Data to use>

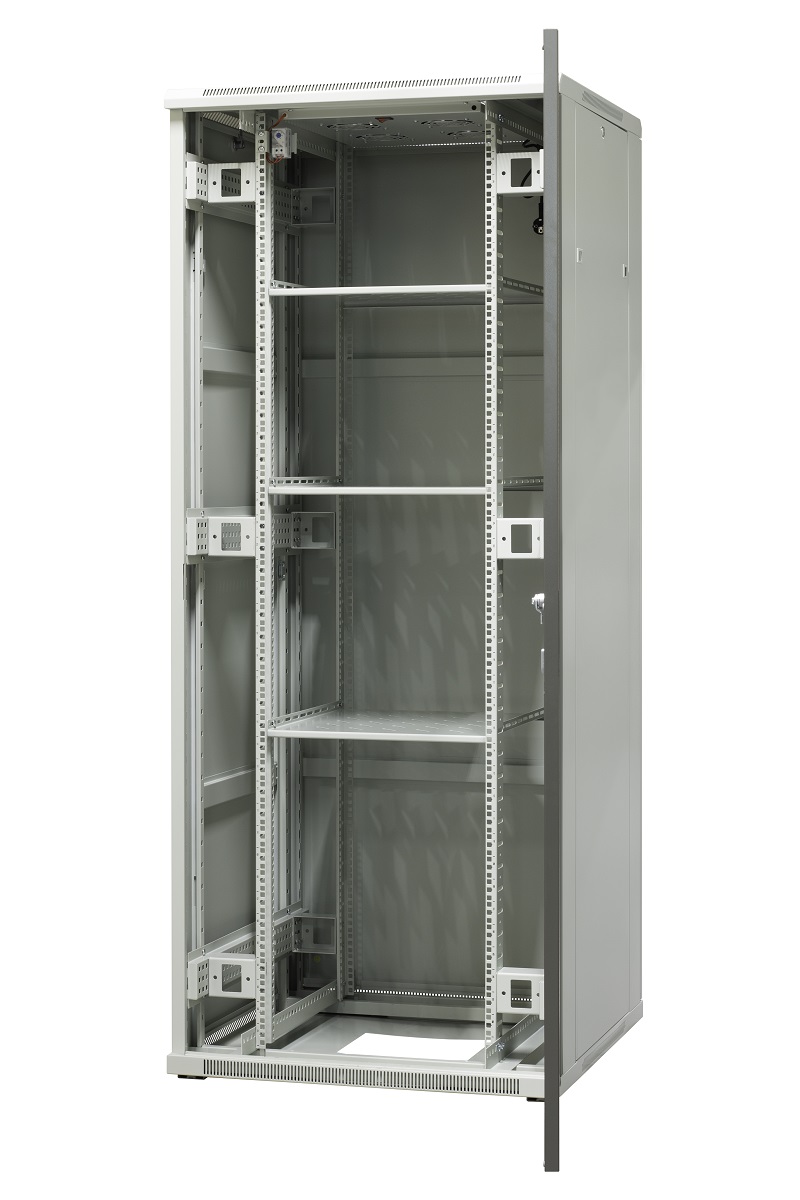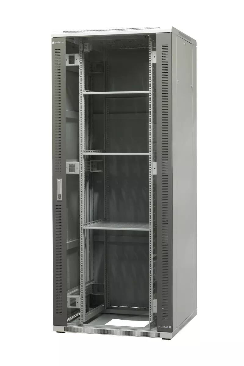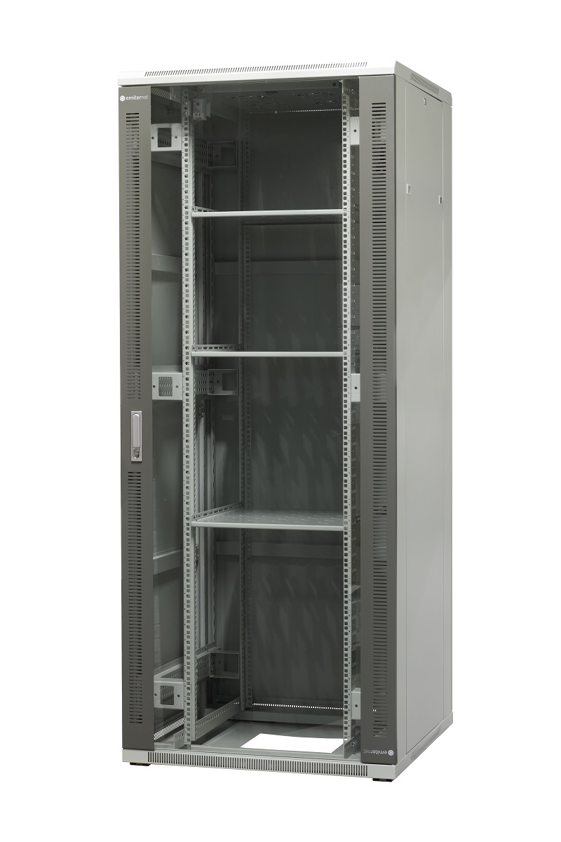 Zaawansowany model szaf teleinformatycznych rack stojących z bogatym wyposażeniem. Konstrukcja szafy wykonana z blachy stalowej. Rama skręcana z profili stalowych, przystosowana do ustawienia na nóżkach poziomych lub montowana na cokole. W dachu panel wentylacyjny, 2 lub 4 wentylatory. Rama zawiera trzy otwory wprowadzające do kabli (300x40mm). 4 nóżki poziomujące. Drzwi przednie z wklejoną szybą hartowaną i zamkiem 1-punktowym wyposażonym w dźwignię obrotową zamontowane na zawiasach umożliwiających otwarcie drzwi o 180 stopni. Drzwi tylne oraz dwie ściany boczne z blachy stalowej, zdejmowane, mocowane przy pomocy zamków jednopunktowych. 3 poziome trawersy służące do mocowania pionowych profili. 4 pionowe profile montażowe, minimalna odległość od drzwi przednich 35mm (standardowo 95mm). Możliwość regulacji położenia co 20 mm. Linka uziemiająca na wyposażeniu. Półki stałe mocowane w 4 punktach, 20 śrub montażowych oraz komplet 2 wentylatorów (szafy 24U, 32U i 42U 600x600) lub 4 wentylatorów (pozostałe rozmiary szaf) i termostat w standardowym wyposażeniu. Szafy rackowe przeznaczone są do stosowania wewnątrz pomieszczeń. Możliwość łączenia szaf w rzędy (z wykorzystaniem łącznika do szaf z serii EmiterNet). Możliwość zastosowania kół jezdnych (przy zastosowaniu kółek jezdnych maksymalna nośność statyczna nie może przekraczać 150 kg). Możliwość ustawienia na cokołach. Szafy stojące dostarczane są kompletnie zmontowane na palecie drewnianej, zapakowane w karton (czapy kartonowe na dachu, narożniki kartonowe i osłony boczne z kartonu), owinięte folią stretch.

--

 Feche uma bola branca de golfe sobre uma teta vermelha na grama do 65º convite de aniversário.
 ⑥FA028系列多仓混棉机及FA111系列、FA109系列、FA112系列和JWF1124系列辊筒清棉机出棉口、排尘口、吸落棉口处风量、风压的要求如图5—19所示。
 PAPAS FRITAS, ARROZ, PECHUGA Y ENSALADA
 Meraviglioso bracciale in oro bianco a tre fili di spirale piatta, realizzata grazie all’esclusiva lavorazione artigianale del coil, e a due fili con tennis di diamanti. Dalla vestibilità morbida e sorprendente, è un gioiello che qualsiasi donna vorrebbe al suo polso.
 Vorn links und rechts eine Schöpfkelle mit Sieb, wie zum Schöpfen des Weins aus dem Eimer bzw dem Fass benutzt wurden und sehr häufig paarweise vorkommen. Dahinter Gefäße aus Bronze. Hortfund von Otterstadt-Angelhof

Task brief>
Of all the entries above, repeat only the lines from the line that has "PAPAS FRITAS, ARROZ, PECHUGA Y ENSALADA" to the line that has "Vorn links und", both lines included, exactly.

Answer below>
 PAPAS FRITAS, ARROZ, PECHUGA Y ENSALADA
 Meraviglioso bracciale in oro bianco a tre fili di spirale piatta, realizzata grazie all’esclusiva lavorazione artigianale del coil, e a due fili con tennis di diamanti. Dalla vestibilità morbida e sorprendente, è un gioiello che qualsiasi donna vorrebbe al suo polso.
 Vorn links und rechts eine Schöpfkelle mit Sieb, wie zum Schöpfen des Weins aus dem Eimer bzw dem Fass benutzt wurden und sehr häufig paarweise vorkommen. Dahinter Gefäße aus Bronze. Hortfund von Otterstadt-Angelhof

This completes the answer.